Wie sich der Einzelhandel gegen Cyber-Kriminelle wappnen kann

Der Online-Handel ist in den letzten zwei Jahren förmlich explodiert. Das immense Wachstum führt allerdings zu einer neuen Bedrohungslandschaft und einem Anstieg cyber-krimineller Aktivitäten. So zeigt das Covid-19 Dashboard von McAfee Enterprise, dass 5,6 Prozent der Cyber-Bedrohungen im Einzelhandel aufkommen.

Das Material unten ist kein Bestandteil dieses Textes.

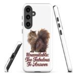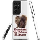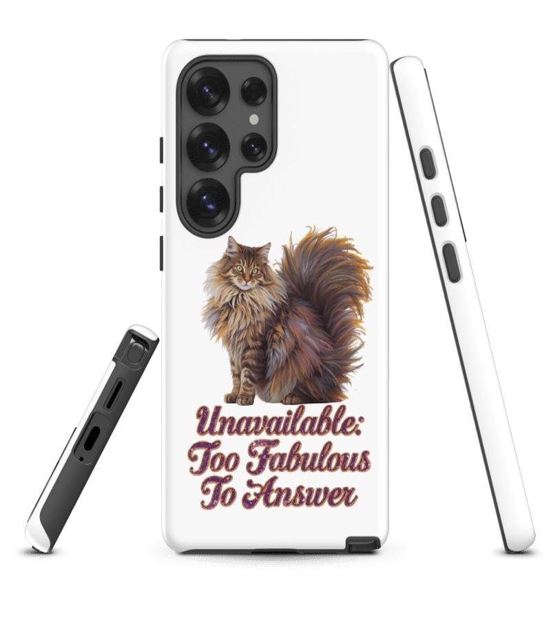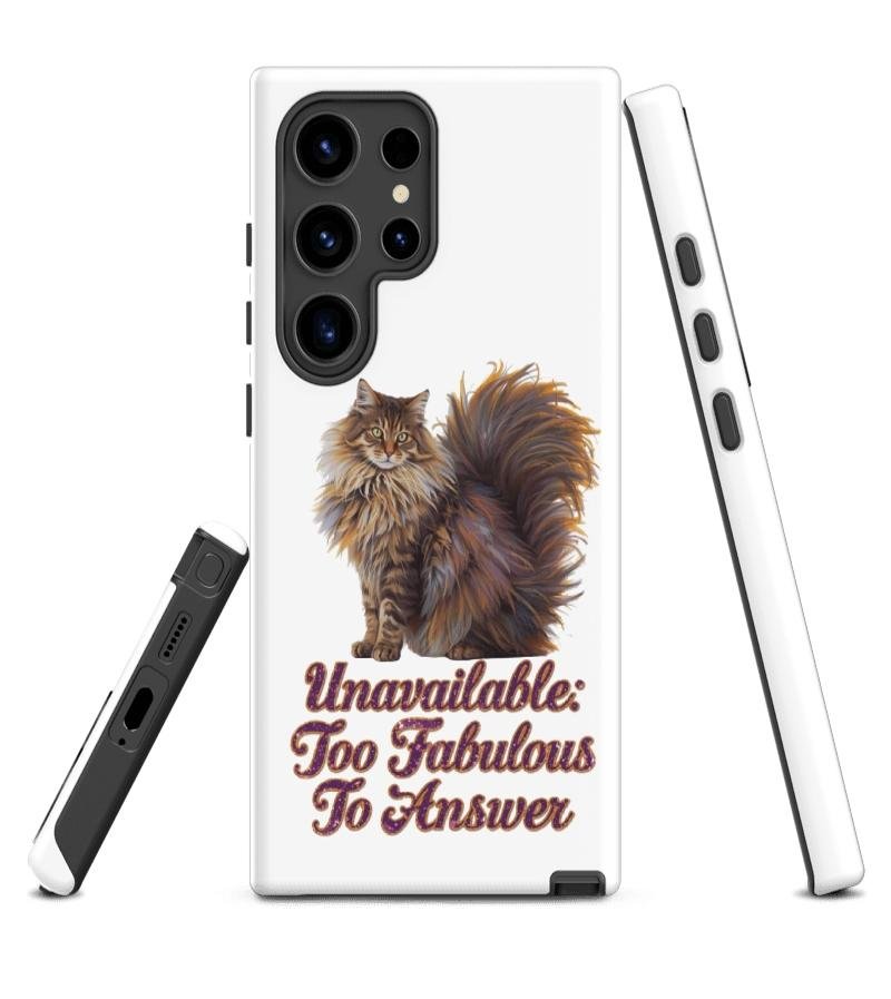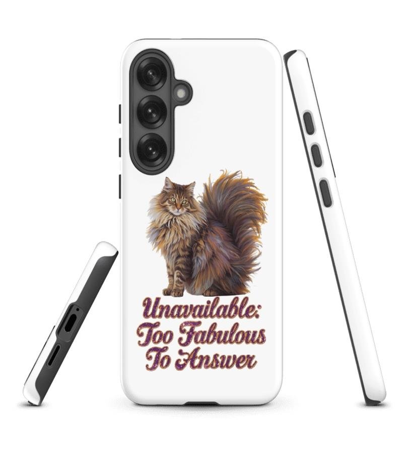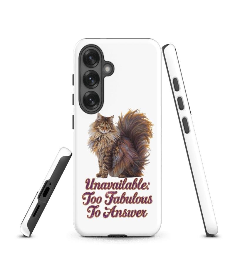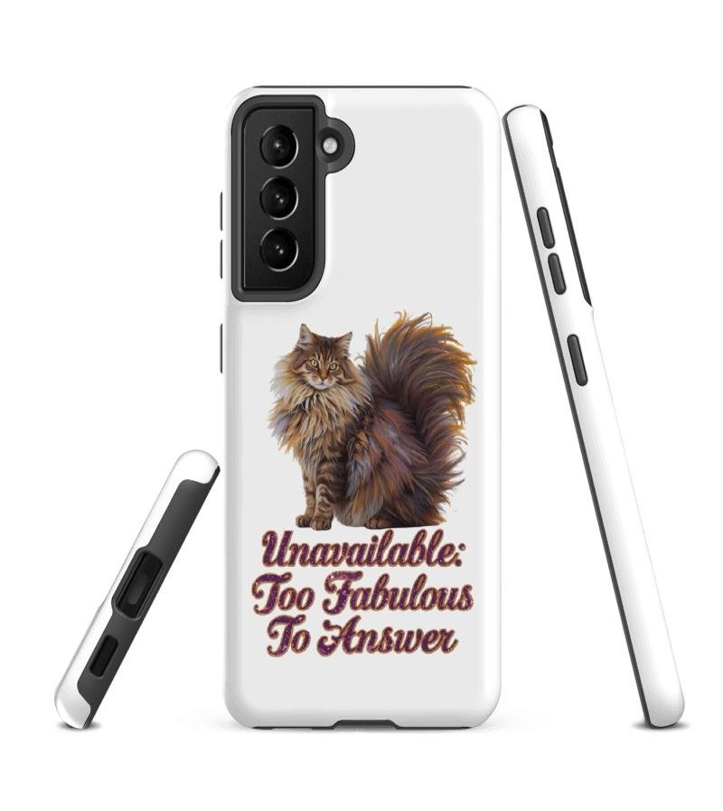 Ever seen a cat so majestic that you’re pretty sure nothing—not even your phone—could interrupt their glittering aura? This glamorous phone case is the ultimate tribute to the feline who knows that every moment is a red-carpet event. Draped in a show-stopping mane and sitting with enviable poise, this illustrated beauty captures that “too fabulous to answer” energy every cat lover secretly aspires to embody.

Die Branche ist gefährdeter denn je. Tanja Hofmann, Lead Security Engineer bei McAfee Enterprise, erklärt, wie sich Online-Händler effektiv rüsten können.

Tanja Hofmann

Branchenexperten und Einzelhändler rechnen damit, dass der Online-Shopping-Boom auch im kommenden Weihnachtsgeschäft anhält und Umsätze weiter steigen. So geht beispielsweise der Handelsverband Deutschland (HDE) von einem Umsatzzuwachs um 17 Prozent auf 23 Milliarden Euro aus. Damit ergibt sich eine lukrative Ausgangslage für Cyber-Kriminelle, die die Kombination aus zunehmenden Online-Shopping-Aktivitäten, Corona-bedingt geschwächten Retail Supply Chains und dem komplexen Zusammenspiel aus Retail, E-Commerce und E-Payment gezielt auszunutzen versuchen.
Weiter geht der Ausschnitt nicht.